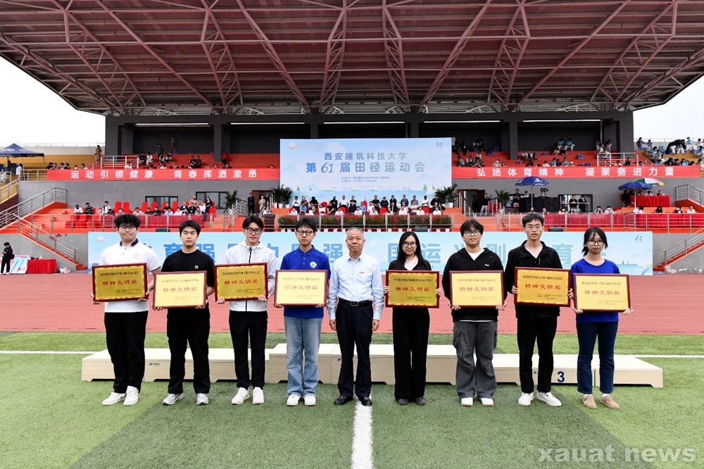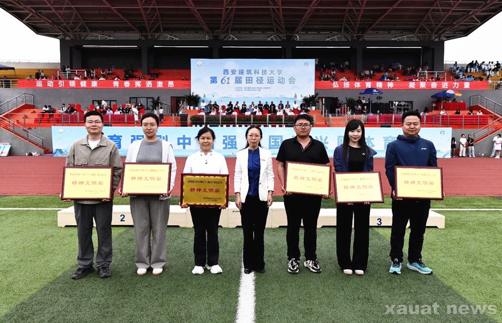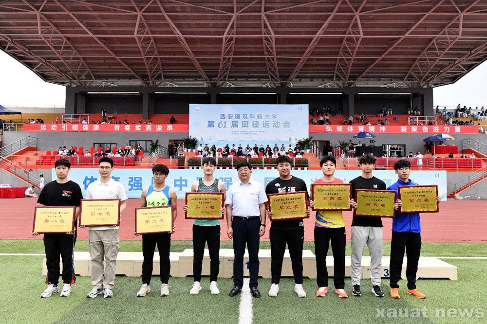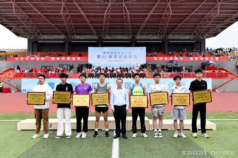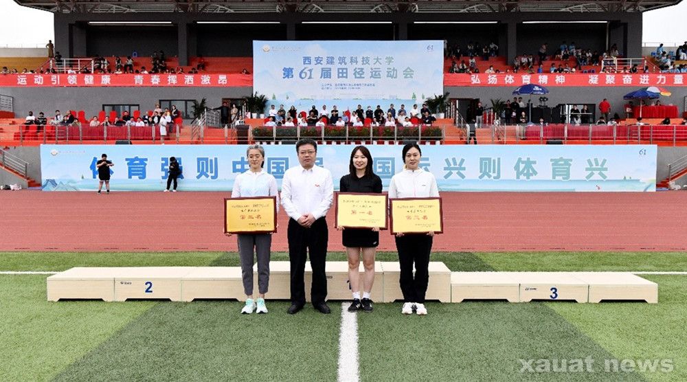 校党委书记朱晓渭为获得学生男女团体总分前八名的代表队颁奖;校长赵祥模为获得学生男子团体总分前八名的代表队颁奖;校党委副书记、纪委书记、省纪委监委驻校纪检监察组组长陈琪为获得教工精神文明奖团体颁奖;校党委副书记梅争利为获得学生精神文明奖团体颁奖;副校长董群雁为获得校第十四届阳光体育活动方案创新设计及展示大赛一等奖、二等奖、三等奖的学院颁奖;副校长雷鹏为教工男女团体总分前三名代表队颁奖;副校长刘晓武为教职工男子组团体前三名代表队颁奖;副校长陈荣为学生女子团体总分前八名的代表队颁奖;副校长高旭阔为教工女子组团体前三名的代表队颁奖。
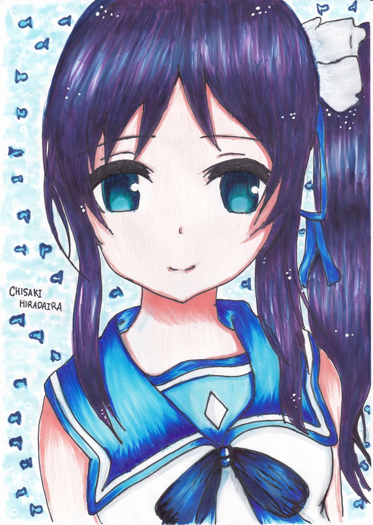 Description: A drawing of a girl with blue eyes and a sailor outfit with a bow on her head and a sailor's cap on her head.
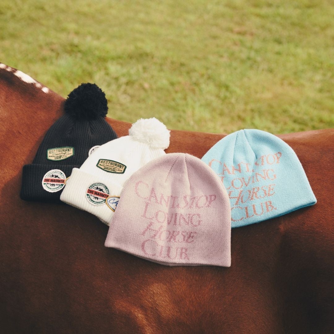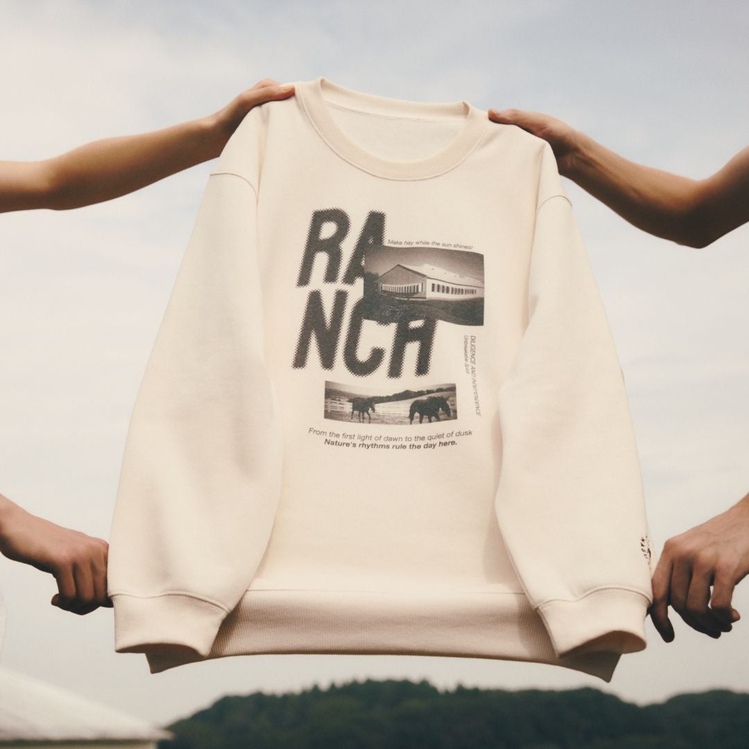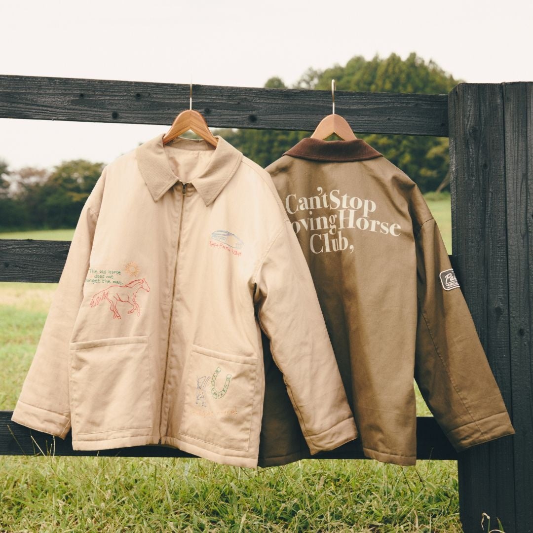 本コラボレーションでは、ウィメンズアパレルと服飾雑貨をラインアップしており、実際に「NASU FARM VILLAGE」で撮影された写真を使用したフォトスウェットや<Can’t Stop Horse Club,>という人気のロゴをあしらった中綿入りジャケット、象徴的なトラクターや動物をジャガード編みで表現したニットプルオーバーと、アパレルアイテムに連動したデザインのニット帽など「NASU FARM VILLAGE」の世界観を表現した特別なコレクションに仕上がりました。
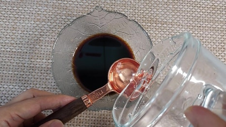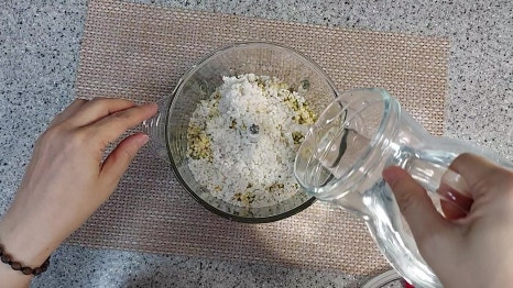 물을 처음부터 많이 넣지 말고 조금씩 조금씩 농도를 보아 가면 넣어주세요.
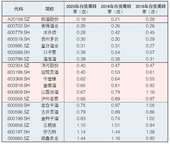 事實上,郎酒股份2018年至2020年,存貨周轉率對比A股白酒同行都處于墊底行列。2019年,18家A股白酒同行的存貨周轉率也全部高于郎酒股份,最低的舍得酒業當時還處于披星戴帽的不利局面,存貨周轉率也有0.26次,最高的伊力特為1.44次,其中12家存貨周轉率高于0.5次。2018年,郎酒股份存貨周轉率也僅比舍得酒業和業績持續大虧的皇臺酒業稍高。
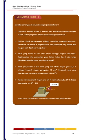 2. Peti kayu ditarik dengan gaya F sehingga mengalami percepatan sebesar a.
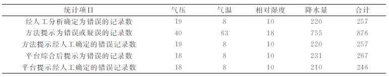 质量控制平台在试用期间,自动保存了各质量控制方法输出的质量控制报告及经综合可信度计算后输出的最终质量控制报告内容。在试用期间同时对气压、气温、相对湿度和降水量资料进行人工质量分析。经过3个月的试运行后,将各质量控制报告中的信息进行统计,并与人工质量分析结果进行比较,得到表 3所示的统计结果。
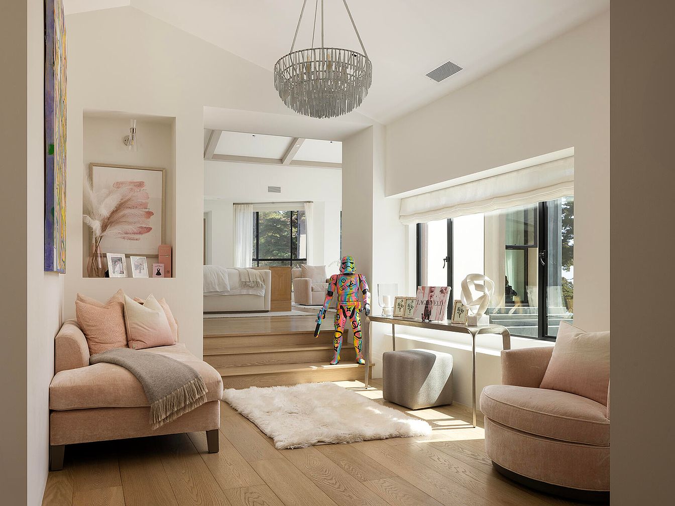 This cozy living room features a harmonious blend of modern and playful elements. Soft beige walls complement the warm wooden flooring, enhancing the space’s inviting atmosphere. A pastel pink armchair with decorative cushions provides a pop of color, while a light gray throw adds texture. The sleek side table showcases artful sculptures and colorful books. Large windows invite natural light, highlighting both the simplicity and artistry within. A whimsical multicolored figure stands near the staircase, offering a striking contrast against the neutral backdrop. Overall, the design balances comfort with a touch of contemporary flair.
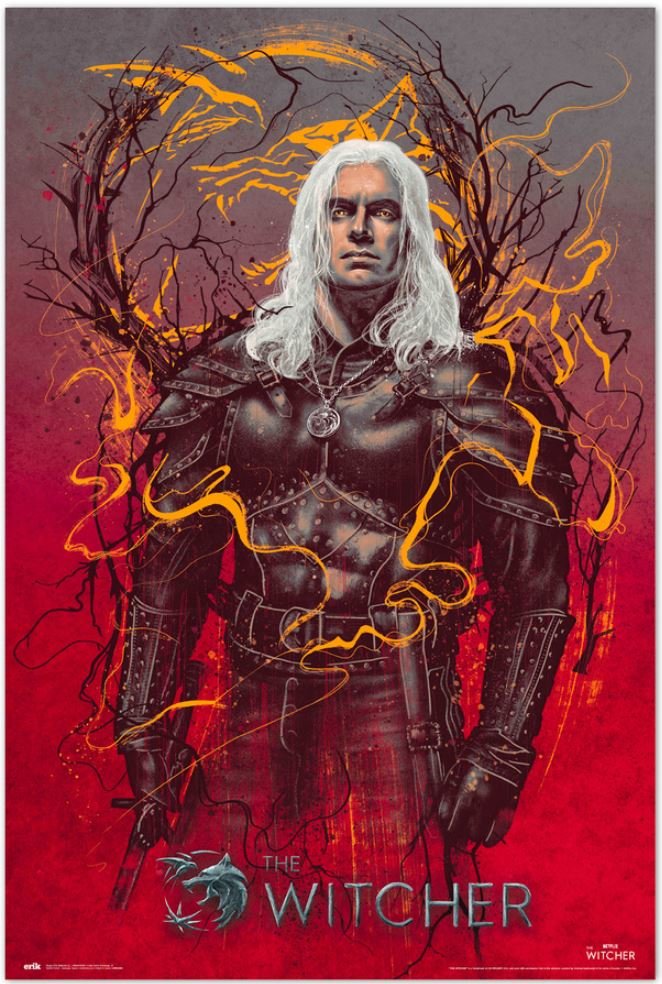 Plakát s motivem hlavní postavy jménem Gerald z dramatického seriálu The Witcher (Zaklínač).

▶ What is required
What belongs in the answer is each line above from the line with "FARM VILLAGE」で撮影された写真を使用したフォトスウェットや<Can’t Stop" to the line with "质量控制平台在试用期间,自动", inclusive, reproduced exactly and free of pictures.

▶ Solution to this task
 本コラボレーションでは、ウィメンズアパレルと服飾雑貨をラインアップしており、実際に「NASU FARM VILLAGE」で撮影された写真を使用したフォトスウェットや<Can’t Stop Horse Club,>という人気のロゴをあしらった中綿入りジャケット、象徴的なトラクターや動物をジャガード編みで表現したニットプルオーバーと、アパレルアイテムに連動したデザインのニット帽など「NASU FARM VILLAGE」の世界観を表現した特別なコレクションに仕上がりました。
 물을 처음부터 많이 넣지 말고 조금씩 조금씩 농도를 보아 가면 넣어주세요.
 事實上,郎酒股份2018年至2020年,存貨周轉率對比A股白酒同行都處于墊底行列。2019年,18家A股白酒同行的存貨周轉率也全部高于郎酒股份,最低的舍得酒業當時還處于披星戴帽的不利局面,存貨周轉率也有0.26次,最高的伊力特為1.44次,其中12家存貨周轉率高于0.5次。2018年,郎酒股份存貨周轉率也僅比舍得酒業和業績持續大虧的皇臺酒業稍高。
 2. Peti kayu ditarik dengan gaya F sehingga mengalami percepatan sebesar a.
 质量控制平台在试用期间,自动保存了各质量控制方法输出的质量控制报告及经综合可信度计算后输出的最终质量控制报告内容。在试用期间同时对气压、气温、相对湿度和降水量资料进行人工质量分析。经过3个月的试运行后,将各质量控制报告中的信息进行统计,并与人工质量分析结果进行比较,得到表 3所示的统计结果。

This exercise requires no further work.